1. Canara Robeco Tax Saver (Mid-Cap)
2. SBI Magnum Tax Gain (Large - Cap)
3. Fidelity Tax Advantage/HDFC Tax Saver. (Large-Mid Cap)

Thinking of putting 2 of them in Growth Mode and 1 in Dividend Mode.

Please suggest if it looks fine or may be a better strategy I can opt for ELSS MFs for a horizon of at least 3-4 years.

Also about buying them I was thinking of doing it via FundsIndia - Mutual funds and more... as it will be easier to collate and monitor the investments from a single POC. Also they are totally free unlike brokerage houses which charge a monthly/quarterly fee. I have an Indiabulls account and that doesn't seem to have an online facility to subscribe to MFs. Or should I directly approach the MF houses web-site (Canara Robeco doesn't have one )

Plz pout in your ideas and suggestions :hap2:
 
I don't know about the rest much, but I have invested in SBI Magnum Tax Gain for quite a time and I am still investing in it. I have seen that it's performace has really gone down. I might also stop investing in it in the near future.

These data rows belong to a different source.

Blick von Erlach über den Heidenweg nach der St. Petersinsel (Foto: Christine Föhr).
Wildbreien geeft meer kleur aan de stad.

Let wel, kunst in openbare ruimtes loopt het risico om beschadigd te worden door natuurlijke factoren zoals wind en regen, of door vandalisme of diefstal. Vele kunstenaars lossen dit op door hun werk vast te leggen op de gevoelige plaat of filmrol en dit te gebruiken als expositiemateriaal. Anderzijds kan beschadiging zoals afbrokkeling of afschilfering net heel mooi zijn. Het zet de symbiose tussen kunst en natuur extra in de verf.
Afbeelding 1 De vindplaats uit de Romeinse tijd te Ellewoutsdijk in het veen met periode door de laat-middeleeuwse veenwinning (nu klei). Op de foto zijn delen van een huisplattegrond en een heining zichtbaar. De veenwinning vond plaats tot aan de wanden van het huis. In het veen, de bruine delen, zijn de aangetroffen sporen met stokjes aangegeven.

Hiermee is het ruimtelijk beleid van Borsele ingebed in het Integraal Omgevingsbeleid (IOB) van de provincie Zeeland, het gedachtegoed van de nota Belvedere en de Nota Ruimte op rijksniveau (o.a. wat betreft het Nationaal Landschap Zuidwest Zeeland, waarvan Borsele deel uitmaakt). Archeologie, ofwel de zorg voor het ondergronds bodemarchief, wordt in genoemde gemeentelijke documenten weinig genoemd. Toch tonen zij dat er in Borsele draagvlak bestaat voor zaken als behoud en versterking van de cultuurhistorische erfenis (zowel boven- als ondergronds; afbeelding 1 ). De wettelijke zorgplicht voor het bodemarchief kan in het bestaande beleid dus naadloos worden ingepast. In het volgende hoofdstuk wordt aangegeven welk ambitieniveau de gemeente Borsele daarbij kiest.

You should check moneycontrol.com and head to the mutual funds section.
 
Fund 1: Good enough, invested in since last 1 year now through SIP, 5 star rated by value research.

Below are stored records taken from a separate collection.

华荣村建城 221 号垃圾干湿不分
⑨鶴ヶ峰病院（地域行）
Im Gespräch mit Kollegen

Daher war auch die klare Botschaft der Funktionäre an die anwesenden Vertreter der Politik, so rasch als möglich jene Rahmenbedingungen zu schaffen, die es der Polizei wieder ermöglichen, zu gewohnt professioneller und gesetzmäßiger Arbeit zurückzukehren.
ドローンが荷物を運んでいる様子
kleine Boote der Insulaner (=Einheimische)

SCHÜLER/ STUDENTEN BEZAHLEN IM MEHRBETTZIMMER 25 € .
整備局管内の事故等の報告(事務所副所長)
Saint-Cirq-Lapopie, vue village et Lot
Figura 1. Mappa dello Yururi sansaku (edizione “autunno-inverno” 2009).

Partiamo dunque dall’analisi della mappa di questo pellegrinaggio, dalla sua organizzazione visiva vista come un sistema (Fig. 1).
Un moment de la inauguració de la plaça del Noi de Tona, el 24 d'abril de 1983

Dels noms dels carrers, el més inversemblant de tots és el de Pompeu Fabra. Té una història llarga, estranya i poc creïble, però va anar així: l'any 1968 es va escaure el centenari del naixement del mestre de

Fund 2 Did the terrible mistake of lump sum investing in first week of Jan, 08 (when market touched 21k), recent performance has been bad, the fund has not been able to recover from the crash. 3 star rated now. I doubt I will recover my money even after three year cap.

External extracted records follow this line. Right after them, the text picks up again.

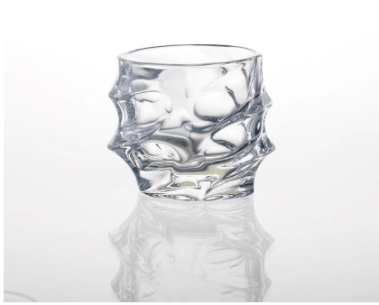
candela decorazione del vetro titolare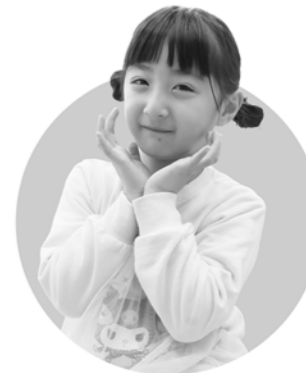
名探偵プリキュア みくりちゃん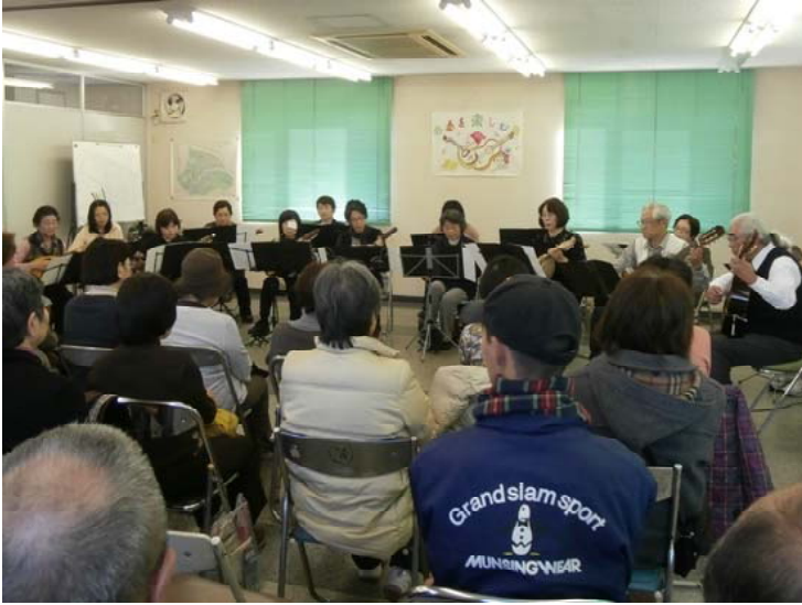
毎年恒例となっているマンドリン演奏。今年も大盛況！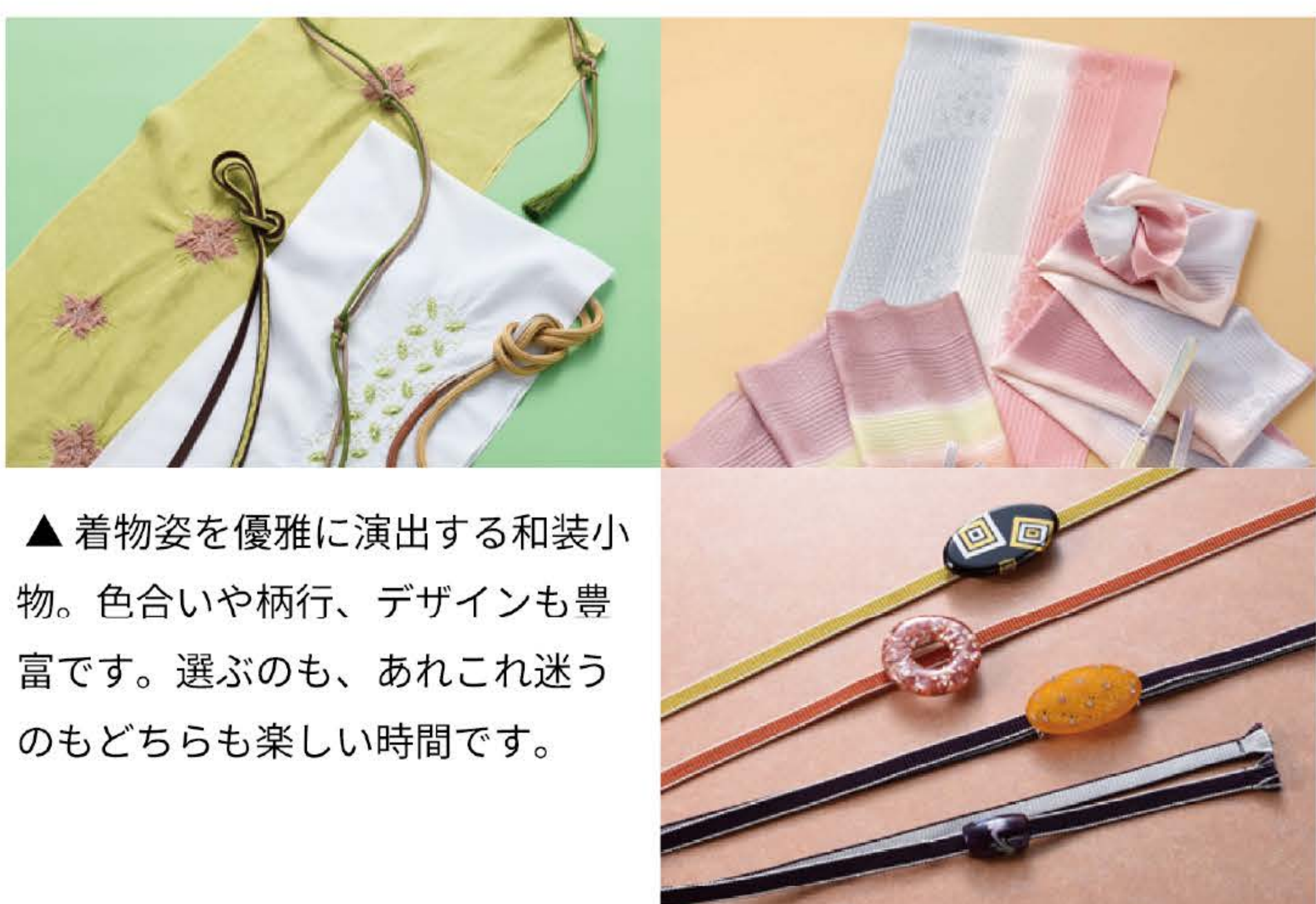
▲ 着物姿を優雅に演出する和装小物。色合いや柄行、デザインも豊富です。選ぶのも、あれこれ迷うのもどちらも楽しい時間です。

小紋は水玉や小花、幾何学模様又季節の花々など 洋服に近い柄も多くそういう総柄や飛び柄、プリ ントのワンピースをまとう様なフェミニンな女 子っぽさがある、身のこなしまで変わる気がし ます。洋服的なシンプルシックをベースにしなが らも、ときどきものならではの色合わせ柄合わ せも楽しめたらコーディネート幅が広がります。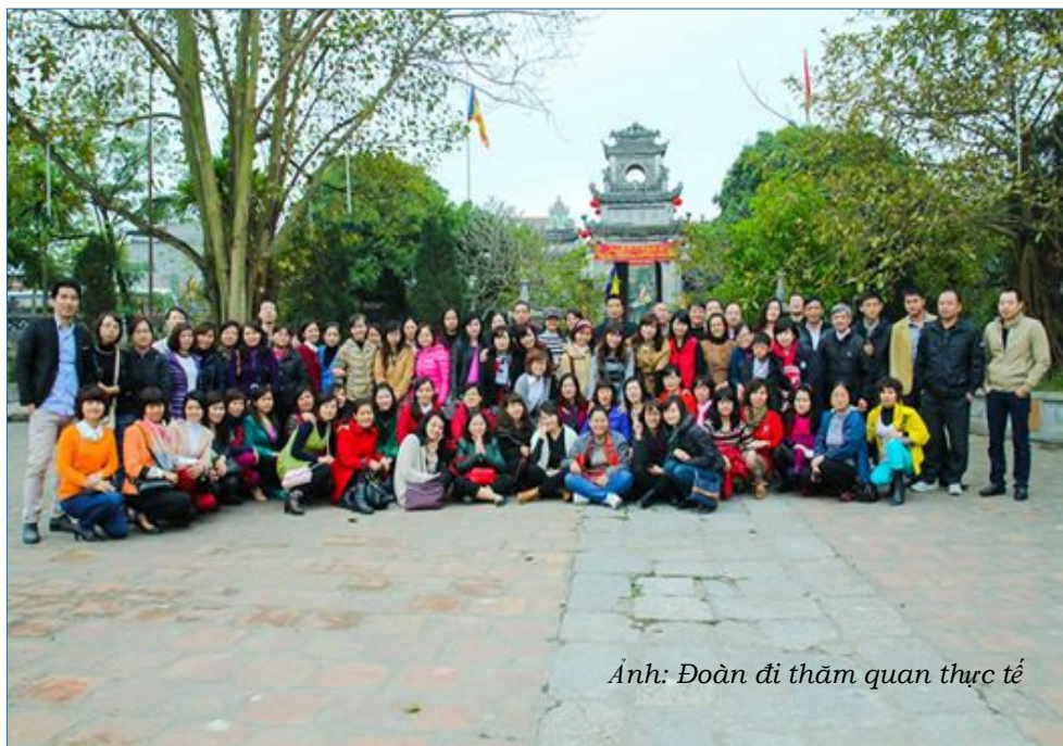
Ảnh: Đoàn đi thăm quan thực tế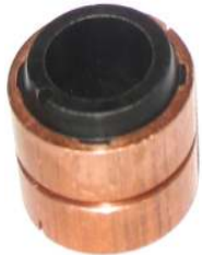
A-110 COLECTOR PARIS RHONE EJE \varnothing 17 (30 x 20,50)

Fund 3 Started SIP in HDFC Taxsaver last month, good enough 4 star rated and consistent performer.

Go through this link Value Research: The Complete Guide to Mutual Funds

Choose your pick from the 4 and 5 star rated funds and ideally stick to dividend funds as the money is locked for 3 yrs and secondly after the recent guidelines dividend declaration is stringent. The reason for sticking to dividend option is because you will be able to get back some money(tax free for the time being) if the market tanks up. or else one will hopeless spectator of losses unlike regular equity funds where you can exit in a day or two.

My opinion Canara Robeco Equity Tax Saver-D(Mid-cap), HDFC Taxsaver-D(large-Mid cap) and Sundaram BNP Paribas Taxsaver(Large-Mid cap).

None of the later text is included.